+ 2
Can someone explain me prefix and postfix
How in postfix the value is used first and then it is incremented or decremented
4 Réponses
+ 5
preincrement
b = ++a; => b = (++a);
postincrement
b = a++; => (b = a); a++;
+ 4
Furthermore, in C++ (it is very likely the same in Java), the postfix incremental x++ invokes the copy constructor of the integer "class", effectively resulting in an overhead when you simply want an increment of your variable.
This becomes important and more dramatic when you call this incremental multiple times as in the head of a for-loop or in the Body of a loop.
++x does not invoke the copy constructor and increments "right away". You should always prefer this unless the post - incremental is exactly what you need for the logic of your algorithm.
+ 1
Really simple:
- prefix evaluates the expression and returns the updated value back.
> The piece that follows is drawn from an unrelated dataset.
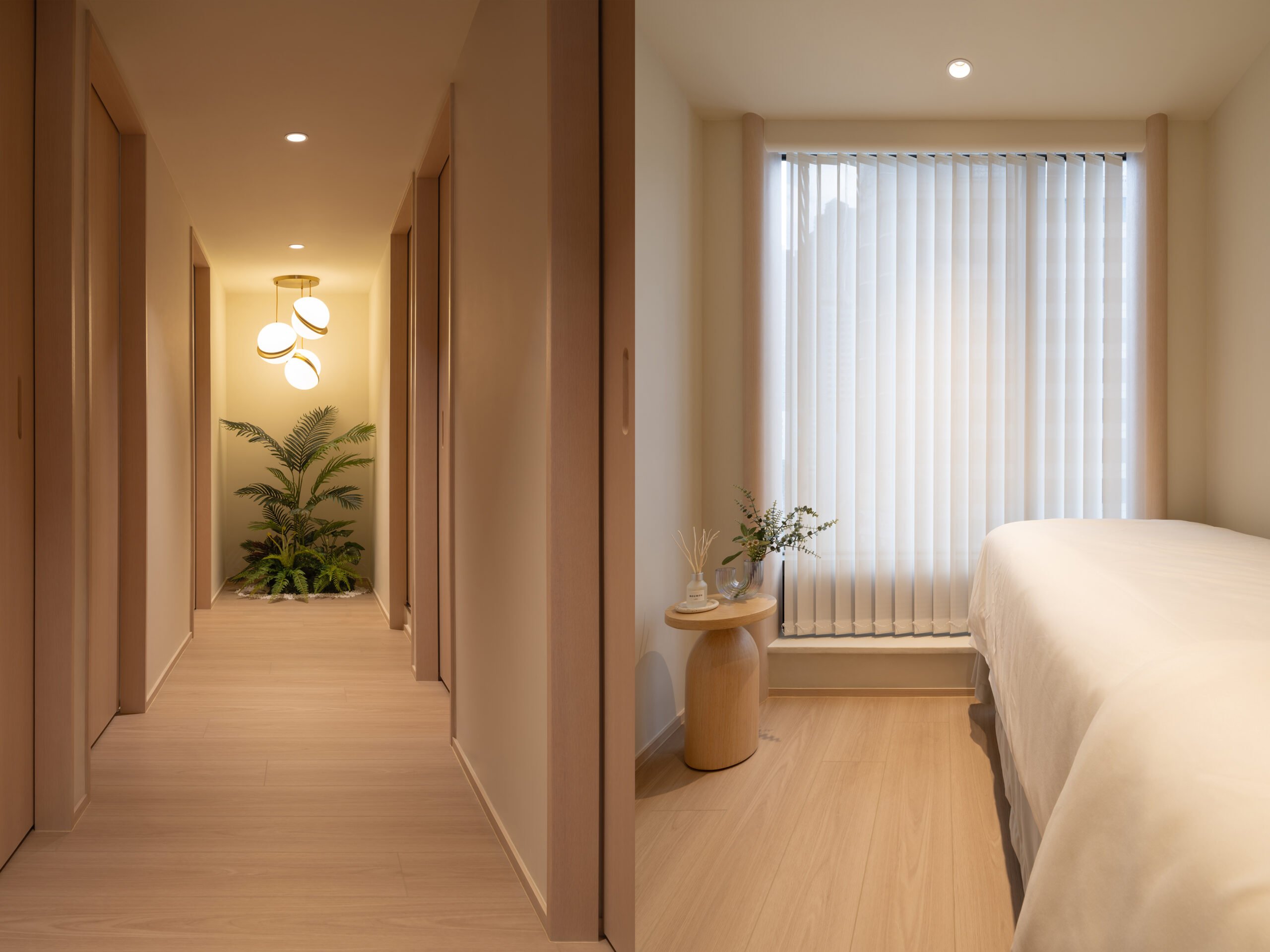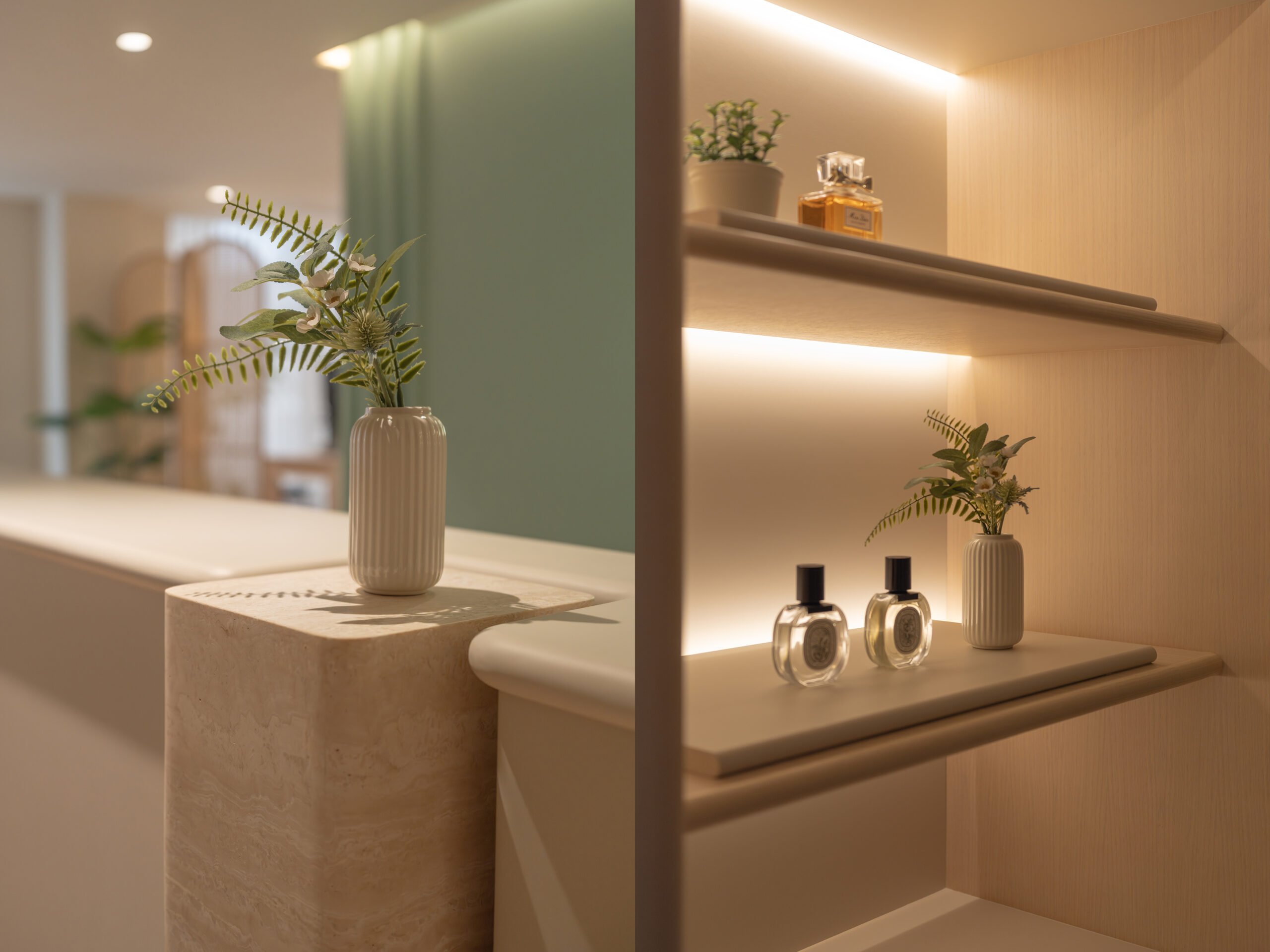 At Lumos Beauty Centre, our interior design harmoniously integrates light, nature, and spirit to create a relaxing and comfortable environment. The space features natural materials and soft tones, complemented by abundant natural light that enhances visual comfort and promotes emotional relaxation.

- postfix first returns the value and then evaluates the expression.
Example:
int x_prefix = 0;
int x_postfix = 0;
System.out.println(++x_prefix); // result: 1
System.out.println(x_prefix); // result: 1
System.out.println(x_postfix++); // result: 0
System.out.println(x_postfix); // result: 1
Hope that helps. :)
+ 1
//Description about postfix and prefix
++ has higher precedence than arithmetic operators
++/-- has two types (postfix or prefix)
if it is postfix: only value will be assigned to 'b' and after execution of current instruction postfix operator give operation effect
if it is prefix: only associated operator with prefix operator will increment and value will be assigned to b
example:
a=5;
b=a++; //value of b will be 5, after execution of this statement, a will increment by 1
a=5;
b=++a; //first value of a will increment by a and then value will be assign to b
value of a and b will be 6, 6 respectively.